Но это не вода! Это чай. Он густой, прямо дымится. От него даже слёзы текут. И сразу нежарко, есть чем дышать. Я чаем дышу.
— Хорош, кто понимает, — говорит дядя Володя. — С песочком.
Песок у нас чистый. Он вкус у чая не отбивает, это не сахар. Просто он в кружки летит.
Мы все со вкусом пьём. По глоточку. Потом отдуваемся.
Но кружка всё равно очень быстро кончается.
— Ещё! — кричит Арина.
Дядя Мурад ей ещё чаю налил. Какой вкусный чай!
— И мне! — просит тётя Надя.
Дядя Мурад ей тоже налил. Всем снова налил. По кружке. Говорит:
— Не по правилам наливаю…
— Почему? — удивляется тётя Надя. — Полные кружки!
— Вот именно! А надо чуть-чуть наливать. На дне. Чтобы вы опять просили, а я опять чуть-чуть наливала. Гостю приятно налить лишний раз, меня отец так учил.
— Это правило нам не подходит, — говорит папа. — Я пью, как верблюд. Четвёртую кружку пью! А ты мне про дно толкуешь.
— Я не тебе, Лёша, сказала! Я гостю.
— Не хочу быть гостем! — говорит тётя Надя. — Хочу быть своим!
И сама себе наливает полную кружку.
— А я как верблюд! — говорит Арина. И громко пьёт свою кружку. Она так пьёт! Чмокает. Как верблюд.
— Я тоже верблюд! — кричу я. И ещё громче пью.
— Я пять кружек выдул и то молчу! — кричит дядя Володя.
— Я шесть! — кричит Боря. — Кто больше?
— А мы, случайно, не лопнем? — спрашивает тётя Надя.
— Когда мы от чая лопались? — смеётся папа. И допивает свою кружку. Залпом.
— Чая больше нет, — говорит дядя Мурад.
Он вообще-то вовремя кончился. Я больше пить не могу. У меня стал такой живот, прямо мешает лежать.
Дядя Мурад чайником подвигал, там ещё плещется. Немножко чаю, на донышке. И уже гуща стоит, на донышке.
— Самое лучшее место чая осталось, — сказал дядя Мурад.
Вот он как сказал. Мы не то, значит, выпили. Пили, пили, а самое лучшее место осталось в чайнике. Обидно, конечно, но я больше всё равно не могу. Пусть, кто хочет, пьёт.

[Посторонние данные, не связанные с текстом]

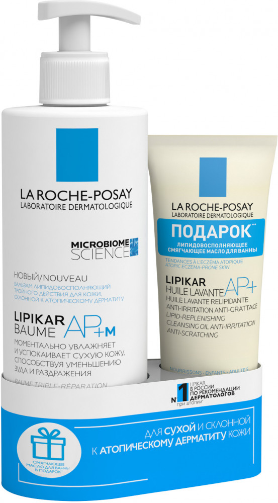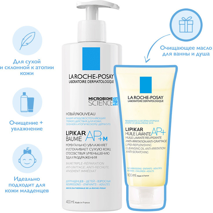 Набор создан для сухой и чрезвычайно сухой, склонной к атопическому дерматиту кожи младенцев, детей и взрослых. Атопичная кожа характеризуется нарушением баланса микробиома, который является невидимым щитом нашей кожи, состоящим из миллиардов микроорганизмов. Сбалансированный микробиом и укрепленный защитный барьер кожи обеспечивают поддержание комфорта кожи и её защиту от внешних факторов. Дерматологическая лаборатория La-Roche-Posay — эксперт в области исследований микробиома кожи. Lipikar Baume AP+м содержит эксклюзивный комплекс ингредиентов Aqua Posae + Microrésyl, который способствует регулированию микробиома кожи, одновременного сохраняя на её поверхности полезные бактерии и сдерживая рост количества стафилококков, способствующих развитию инфекции. Липидовосполняющее смягчающее масло для ванны и душа Lipikar Cleansing Oil AP+ содержит уникальный запатентованный ингредиент Aqua Posae Filiformis, который способствует восстановлению микробиома кожи.

— У нас так говорят, — сказал дядя Мурад. — Самое лучшее место чая, говорят, другу отдай.
И всё из чайника вылил в тёти Надину кружку.
— Как у вас хорошо говорят, — сказала тётя Надя. — Спасибо.
И всё выпила. Прямо с гущей.
И мы сразу стали машину грузить
КТО-ТО ТАМ ТОНЕТ
Мы едем домой через весь заповедник. Не зря съездили! Мы, конечно, не все родники почистили, просто нам не хватило воды. Но уж что успели! Зато один родник мы даже открыли. Работа тяжёлая,
физическая. Не каждый выдержит с непривычки. Арина заснула прямо в кабине, на ходу. Не выдержала. А я не сплю. Я стою в кузове, рядом с папой, и смотрю вперёд.— Держись, а то вылетишь, — говорит папа.
Боря так гонит!
Дорога неровная, вылететь можно. Мы по нашей пустыне едем, тут дорог нет. Просто пески. Жёлтые, как сквозь жёлтое стёклышко. Даже оранжевые! И немножко серые. Мы напрямик едем, кратчайшим путём. Вверх на бархан, вниз — с него. Кузов вертикально встаёт, вниз. Папа бочку ногами отпихивает, бочка катается, разболталась. Дядя Володя свои научные мешочки хватает. В мешочках змеи сидят, ящерицы. Надо их до лаборатории довезти. Дядя Володя боится, что они о борта побьются.
Ещё вверх, на бархан. Снова вниз. Опять вверх полезли. Наша машина всем телом гудит. И трясётся. Ну, это ничего, тут беспокоиться нечего. Просто мотору немножко тяжело. А вообще-то наша машина — зверь. Она всюду пройдёт. Когда ей совсем не пройти, мы выскакиваем и саксаул под колеса кидаем. Ещё лучше бы — доски! Но доски у нас не растут, а саксаула много. По саксаулу машина снова идёт. Потом опять увязнет в песке. Подъём очень крутой! Машина рычит и откатывается. Боря её толкает вперёд, а машина опять откатилась. Дрожит!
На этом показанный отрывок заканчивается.